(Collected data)
BEGIN
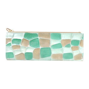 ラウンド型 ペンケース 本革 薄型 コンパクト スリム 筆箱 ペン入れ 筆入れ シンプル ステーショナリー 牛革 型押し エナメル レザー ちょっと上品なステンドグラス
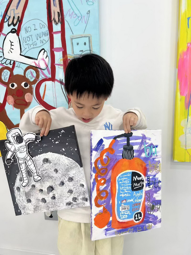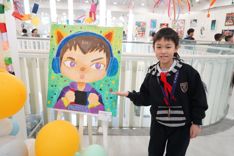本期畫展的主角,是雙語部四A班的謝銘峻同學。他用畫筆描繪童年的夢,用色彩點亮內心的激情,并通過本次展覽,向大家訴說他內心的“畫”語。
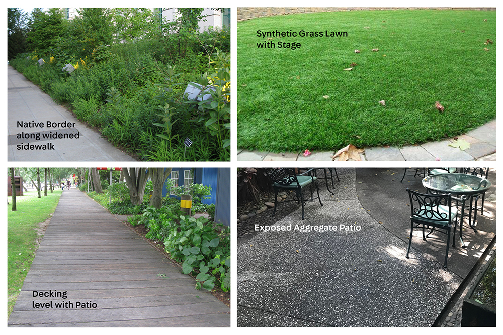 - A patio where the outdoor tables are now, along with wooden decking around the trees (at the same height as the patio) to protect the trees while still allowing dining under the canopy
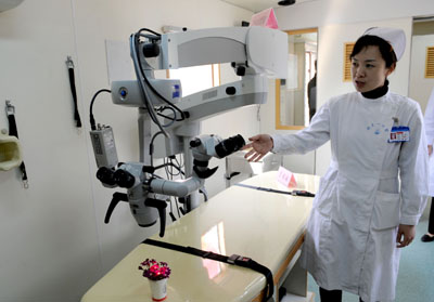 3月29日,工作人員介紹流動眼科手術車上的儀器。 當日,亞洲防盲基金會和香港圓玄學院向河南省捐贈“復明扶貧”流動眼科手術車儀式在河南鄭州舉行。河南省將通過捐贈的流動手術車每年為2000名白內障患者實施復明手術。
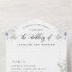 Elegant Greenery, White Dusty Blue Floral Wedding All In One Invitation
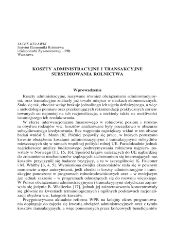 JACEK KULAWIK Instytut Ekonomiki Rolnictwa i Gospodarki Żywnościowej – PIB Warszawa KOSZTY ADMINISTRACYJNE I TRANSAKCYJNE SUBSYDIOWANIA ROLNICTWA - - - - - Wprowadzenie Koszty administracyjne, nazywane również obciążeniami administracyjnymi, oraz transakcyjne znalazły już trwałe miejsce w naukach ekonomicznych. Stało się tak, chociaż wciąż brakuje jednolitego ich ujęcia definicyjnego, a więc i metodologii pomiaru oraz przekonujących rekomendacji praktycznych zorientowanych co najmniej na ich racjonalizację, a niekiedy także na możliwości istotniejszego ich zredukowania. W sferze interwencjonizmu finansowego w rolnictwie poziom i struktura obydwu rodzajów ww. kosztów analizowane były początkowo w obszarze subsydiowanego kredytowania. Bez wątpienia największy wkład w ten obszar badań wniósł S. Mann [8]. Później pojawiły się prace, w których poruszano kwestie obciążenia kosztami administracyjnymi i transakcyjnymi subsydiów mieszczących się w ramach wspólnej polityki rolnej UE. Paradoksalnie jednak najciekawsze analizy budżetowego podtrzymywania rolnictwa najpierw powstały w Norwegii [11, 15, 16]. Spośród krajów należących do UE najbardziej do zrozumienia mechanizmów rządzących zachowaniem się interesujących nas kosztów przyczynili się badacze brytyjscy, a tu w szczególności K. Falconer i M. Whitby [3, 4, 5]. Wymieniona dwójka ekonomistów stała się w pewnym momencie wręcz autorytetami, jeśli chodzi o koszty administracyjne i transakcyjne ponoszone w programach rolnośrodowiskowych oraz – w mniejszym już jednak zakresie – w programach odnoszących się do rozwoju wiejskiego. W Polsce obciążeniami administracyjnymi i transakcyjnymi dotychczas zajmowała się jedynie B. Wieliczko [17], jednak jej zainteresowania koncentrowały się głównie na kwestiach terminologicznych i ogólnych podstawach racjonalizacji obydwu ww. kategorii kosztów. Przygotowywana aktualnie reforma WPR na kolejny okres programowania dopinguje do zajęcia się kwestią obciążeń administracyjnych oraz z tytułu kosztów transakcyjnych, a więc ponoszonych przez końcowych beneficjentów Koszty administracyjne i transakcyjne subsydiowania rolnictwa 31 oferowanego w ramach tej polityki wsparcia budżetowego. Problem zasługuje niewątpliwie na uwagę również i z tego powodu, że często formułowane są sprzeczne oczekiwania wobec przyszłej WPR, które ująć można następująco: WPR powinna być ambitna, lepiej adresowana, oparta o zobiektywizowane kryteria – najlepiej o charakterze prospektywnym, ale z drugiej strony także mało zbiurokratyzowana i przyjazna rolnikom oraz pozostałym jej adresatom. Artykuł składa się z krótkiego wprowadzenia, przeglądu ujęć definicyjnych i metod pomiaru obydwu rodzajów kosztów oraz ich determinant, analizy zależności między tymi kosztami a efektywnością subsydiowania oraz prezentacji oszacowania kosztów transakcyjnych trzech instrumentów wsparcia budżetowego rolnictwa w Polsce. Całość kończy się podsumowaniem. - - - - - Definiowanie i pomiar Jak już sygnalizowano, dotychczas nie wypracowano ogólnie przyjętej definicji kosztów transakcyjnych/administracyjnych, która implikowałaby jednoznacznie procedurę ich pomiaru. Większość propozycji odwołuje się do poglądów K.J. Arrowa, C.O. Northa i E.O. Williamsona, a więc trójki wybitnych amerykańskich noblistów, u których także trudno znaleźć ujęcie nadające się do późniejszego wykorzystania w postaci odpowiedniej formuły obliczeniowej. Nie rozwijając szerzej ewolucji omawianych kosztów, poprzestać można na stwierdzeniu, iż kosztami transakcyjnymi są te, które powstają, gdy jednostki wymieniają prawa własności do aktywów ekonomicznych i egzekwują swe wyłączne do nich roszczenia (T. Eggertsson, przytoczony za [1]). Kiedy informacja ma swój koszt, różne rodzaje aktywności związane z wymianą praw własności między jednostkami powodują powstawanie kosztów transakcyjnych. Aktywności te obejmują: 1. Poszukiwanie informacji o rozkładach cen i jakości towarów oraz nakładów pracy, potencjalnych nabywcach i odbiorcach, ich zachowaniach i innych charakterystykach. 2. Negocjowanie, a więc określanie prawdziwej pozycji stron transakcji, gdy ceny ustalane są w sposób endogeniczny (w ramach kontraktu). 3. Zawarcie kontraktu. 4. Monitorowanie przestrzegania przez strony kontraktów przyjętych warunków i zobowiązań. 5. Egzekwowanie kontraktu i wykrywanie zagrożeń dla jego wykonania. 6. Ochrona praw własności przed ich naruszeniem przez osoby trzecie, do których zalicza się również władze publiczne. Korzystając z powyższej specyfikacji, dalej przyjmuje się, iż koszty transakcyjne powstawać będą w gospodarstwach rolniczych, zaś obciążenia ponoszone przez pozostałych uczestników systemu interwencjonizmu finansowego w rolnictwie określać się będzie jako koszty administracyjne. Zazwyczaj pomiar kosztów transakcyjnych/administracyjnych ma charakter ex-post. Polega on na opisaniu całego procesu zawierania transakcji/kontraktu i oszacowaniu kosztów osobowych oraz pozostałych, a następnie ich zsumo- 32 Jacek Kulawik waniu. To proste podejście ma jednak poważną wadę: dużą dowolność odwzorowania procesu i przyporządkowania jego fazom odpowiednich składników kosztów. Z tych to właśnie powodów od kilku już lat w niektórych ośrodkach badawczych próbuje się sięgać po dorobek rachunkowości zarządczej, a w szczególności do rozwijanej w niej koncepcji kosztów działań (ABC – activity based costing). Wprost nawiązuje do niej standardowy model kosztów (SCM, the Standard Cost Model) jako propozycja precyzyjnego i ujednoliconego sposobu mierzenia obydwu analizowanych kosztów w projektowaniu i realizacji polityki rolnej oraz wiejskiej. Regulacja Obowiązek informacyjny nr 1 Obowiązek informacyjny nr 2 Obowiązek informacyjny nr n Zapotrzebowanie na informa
END
Repeat each line above exactly. The pictures stay out.

 ラウンド型 ペンケース 本革 薄型 コンパクト スリム 筆箱 ペン入れ 筆入れ シンプル ステーショナリー 牛革 型押し エナメル レザー ちょっと上品なステンドグラス
本期畫展的主角,是雙語部四A班的謝銘峻同學。他用畫筆描繪童年的夢,用色彩點亮內心的激情,并通過本次展覽,向大家訴說他內心的“畫”語。
 - A patio where the outdoor tables are now, along with wooden decking around the trees (at the same height as the patio) to protect the trees while still allowing dining under the canopy
 3月29日,工作人員介紹流動眼科手術車上的儀器。 當日,亞洲防盲基金會和香港圓玄學院向河南省捐贈“復明扶貧”流動眼科手術車儀式在河南鄭州舉行。河南省將通過捐贈的流動手術車每年為2000名白內障患者實施復明手術。
 Elegant Greenery, White Dusty Blue Floral Wedding All In One Invitation
 JACEK KULAWIK Instytut Ekonomiki Rolnictwa i Gospodarki Żywnościowej – PIB Warszawa KOSZTY ADMINISTRACYJNE I TRANSAKCYJNE SUBSYDIOWANIA ROLNICTWA - - - - - Wprowadzenie Koszty administracyjne, nazywane również obciążeniami administracyjnymi, oraz transakcyjne znalazły już trwałe miejsce w naukach ekonomicznych. Stało się tak, chociaż wciąż brakuje jednolitego ich ujęcia definicyjnego, a więc i metodologii pomiaru oraz przekonujących rekomendacji praktycznych zorientowanych co najmniej na ich racjonalizację, a niekiedy także na możliwości istotniejszego ich zredukowania. W sferze interwencjonizmu finansowego w rolnictwie poziom i struktura obydwu rodzajów ww. kosztów analizowane były początkowo w obszarze subsydiowanego kredytowania. Bez wątpienia największy wkład w ten obszar badań wniósł S. Mann [8]. Później pojawiły się prace, w których poruszano kwestie obciążenia kosztami administracyjnymi i transakcyjnymi subsydiów mieszczących się w ramach wspólnej polityki rolnej UE. Paradoksalnie jednak najciekawsze analizy budżetowego podtrzymywania rolnictwa najpierw powstały w Norwegii [11, 15, 16]. Spośród krajów należących do UE najbardziej do zrozumienia mechanizmów rządzących zachowaniem się interesujących nas kosztów przyczynili się badacze brytyjscy, a tu w szczególności K. Falconer i M. Whitby [3, 4, 5]. Wymieniona dwójka ekonomistów stała się w pewnym momencie wręcz autorytetami, jeśli chodzi o koszty administracyjne i transakcyjne ponoszone w programach rolnośrodowiskowych oraz – w mniejszym już jednak zakresie – w programach odnoszących się do rozwoju wiejskiego. W Polsce obciążeniami administracyjnymi i transakcyjnymi dotychczas zajmowała się jedynie B. Wieliczko [17], jednak jej zainteresowania koncentrowały się głównie na kwestiach terminologicznych i ogólnych podstawach racjonalizacji obydwu ww. kategorii kosztów. Przygotowywana aktualnie reforma WPR na kolejny okres programowania dopinguje do zajęcia się kwestią obciążeń administracyjnych oraz z tytułu kosztów transakcyjnych, a więc ponoszonych przez końcowych beneficjentów Koszty administracyjne i transakcyjne subsydiowania rolnictwa 31 oferowanego w ramach tej polityki wsparcia budżetowego. Problem zasługuje niewątpliwie na uwagę również i z tego powodu, że często formułowane są sprzeczne oczekiwania wobec przyszłej WPR, które ująć można następująco: WPR powinna być ambitna, lepiej adresowana, oparta o zobiektywizowane kryteria – najlepiej o charakterze prospektywnym, ale z drugiej strony także mało zbiurokratyzowana i przyjazna rolnikom oraz pozostałym jej adresatom. Artykuł składa się z krótkiego wprowadzenia, przeglądu ujęć definicyjnych i metod pomiaru obydwu rodzajów kosztów oraz ich determinant, analizy zależności między tymi kosztami a efektywnością subsydiowania oraz prezentacji oszacowania kosztów transakcyjnych trzech instrumentów wsparcia budżetowego rolnictwa w Polsce. Całość kończy się podsumowaniem. - - - - - Definiowanie i pomiar Jak już sygnalizowano, dotychczas nie wypracowano ogólnie przyjętej definicji kosztów transakcyjnych/administracyjnych, która implikowałaby jednoznacznie procedurę ich pomiaru. Większość propozycji odwołuje się do poglądów K.J. Arrowa, C.O. Northa i E.O. Williamsona, a więc trójki wybitnych amerykańskich noblistów, u których także trudno znaleźć ujęcie nadające się do późniejszego wykorzystania w postaci odpowiedniej formuły obliczeniowej. Nie rozwijając szerzej ewolucji omawianych kosztów, poprzestać można na stwierdzeniu, iż kosztami transakcyjnymi są te, które powstają, gdy jednostki wymieniają prawa własności do aktywów ekonomicznych i egzekwują swe wyłączne do nich roszczenia (T. Eggertsson, przytoczony za [1]). Kiedy informacja ma swój koszt, różne rodzaje aktywności związane z wymianą praw własności między jednostkami powodują powstawanie kosztów transakcyjnych. Aktywności te obejmują: 1. Poszukiwanie informacji o rozkładach cen i jakości towarów oraz nakładów pracy, potencjalnych nabywcach i odbiorcach, ich zachowaniach i innych charakterystykach. 2. Negocjowanie, a więc określanie prawdziwej pozycji stron transakcji, gdy ceny ustalane są w sposób endogeniczny (w ramach kontraktu). 3. Zawarcie kontraktu. 4. Monitorowanie przestrzegania przez strony kontraktów przyjętych warunków i zobowiązań. 5. Egzekwowanie kontraktu i wykrywanie zagrożeń dla jego wykonania. 6. Ochrona praw własności przed ich naruszeniem przez osoby trzecie, do których zalicza się również władze publiczne. Korzystając z powyższej specyfikacji, dalej przyjmuje się, iż koszty transakcyjne powstawać będą w gospodarstwach rolniczych, zaś obciążenia ponoszone przez pozostałych uczestników systemu interwencjonizmu finansowego w rolnictwie określać się będzie jako koszty administracyjne. Zazwyczaj pomiar kosztów transakcyjnych/administracyjnych ma charakter ex-post. Polega on na opisaniu całego procesu zawierania transakcji/kontraktu i oszacowaniu kosztów osobowych oraz pozostałych, a następnie ich zsumo- 32 Jacek Kulawik waniu. To proste podejście ma jednak poważną wadę: dużą dowolność odwzorowania procesu i przyporządkowania jego fazom odpowiednich składników kosztów. Z tych to właśnie powodów od kilku już lat w niektórych ośrodkach badawczych próbuje się sięgać po dorobek rachunkowości zarządczej, a w szczególności do rozwijanej w niej koncepcji kosztów działań (ABC – activity based costing). Wprost nawiązuje do niej standardowy model kosztów (SCM, the Standard Cost Model) jako propozycja precyzyjnego i ujednoliconego sposobu mierzenia obydwu analizowanych kosztów w projektowaniu i realizacji polityki rolnej oraz wiejskiej. Regulacja Obowiązek informacyjny nr 1 Obowiązek informacyjny nr 2 Obowiązek informacyjny nr n Zapotrzebowanie na informa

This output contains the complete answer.